Guinea's Ebola battle: containing a killer virus

Guinea's Ebola battle: containing a killer virus

The Ebola haemorrhagic fever plaguing Guinea is caused by one of the deadliest viruses known to mankind, killing up to 90 per cent of people it infects.

The tropical virus can fell its victims within days, causing severe fever and muscle pain, weakness, vomiting and diarrhoea. In the worst cases it shuts down organs and causes unstoppable bleeding.

Of some 1,850 people diagnosed with Ebola haemorrhagic fever since the virus was first identified in the Democratic Republic of Congo (then Zaire) 38 years ago, 1,200 have died, according to the World Health Organisation (WHO).

Out of 86 known cases in Guinea, there have been more than 60 deaths in the southern forest region of the west African nation,which borders Ivory Coast, Liberia and Sierra Leone.

Experts say the virus, despite being extremely virulent, is containable because it kills its victims faster than it can spread to new ones.

The incubation period between exposure and initial symptoms varies from two to 21 days.

There are five species of the virus, of which three are particularly dangerous with fatality rates from 25 to 90 per cent, says the UN's health agency.

Ebola has a natural bolthole, or "reservoir", in several species of African fruit bat. Gorillas, chimps, monkeys, forest antelope and porcupines are also susceptible to the disease.

People can contract the virus by handling dead or sick animals or coming into contact with the highly infectious body fluids of diseased humans.

Even testing blood specimens for Ebola presents "an extreme biohazard risk", according to the WHO, and is only done under strict containment conditions.

In November 2012, a Canadian study raised fears that Ebola could be transmitted through airborne droplets. Six infected piglets passed the virus on to four macaque monkeys housed in wire cages inside their pen.

Pentagon offensive

No treatment or vaccine exists for Ebola, but last August Pentagon-backed researchers in the United States reported progress.

A prototype treatment called MB-003, a "cocktail" of antibodies, protected 100 per cent of monkeys who received it within an hour of exposure to Ebola, they said.

Animals that received MB-003 within 104 to 120 hours had a 43 per cent recovery rate.

Guinean health authorities and aid agencies including the WHO, UN Children's Fund (UNICEF) and Doctors Without Borders (MSF) have taken or are taking the following measures:

- free treatment for all patients in isolation centres.

- door-to-door and media campaigns raising awareness of hygiene measures.

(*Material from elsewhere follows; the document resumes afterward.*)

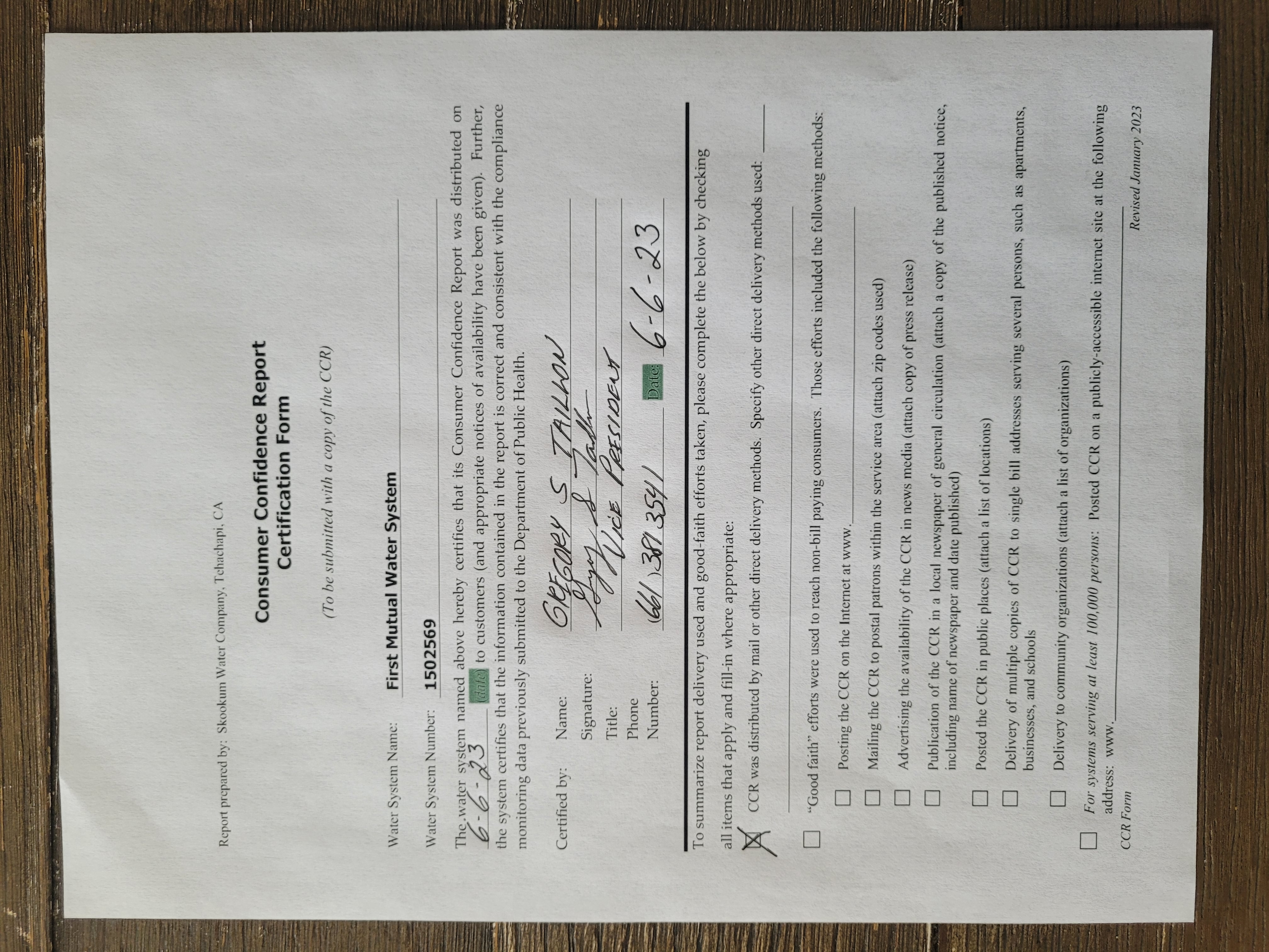 Water System Name : FIRST MUTUAL WATER SYSTEM State Type : C

- special treatment of infected corpses.

- identification of people who have had direct contact with the infected, especially those with fever, diarrhoea, vomiting, fatigue or pronounced bleeding.

- disinfection of the homes of the sick and the dead.

- delivering personal protective equipment and hygiene kits to affected areas.

- strengthening epidemiological surveillance.

The WHO and MSF are reinforcing teams of epidemiologists, logisticians, data managers, communication specialists, anthropologists and disease control specialists in Guinea, where airports and borders remain open.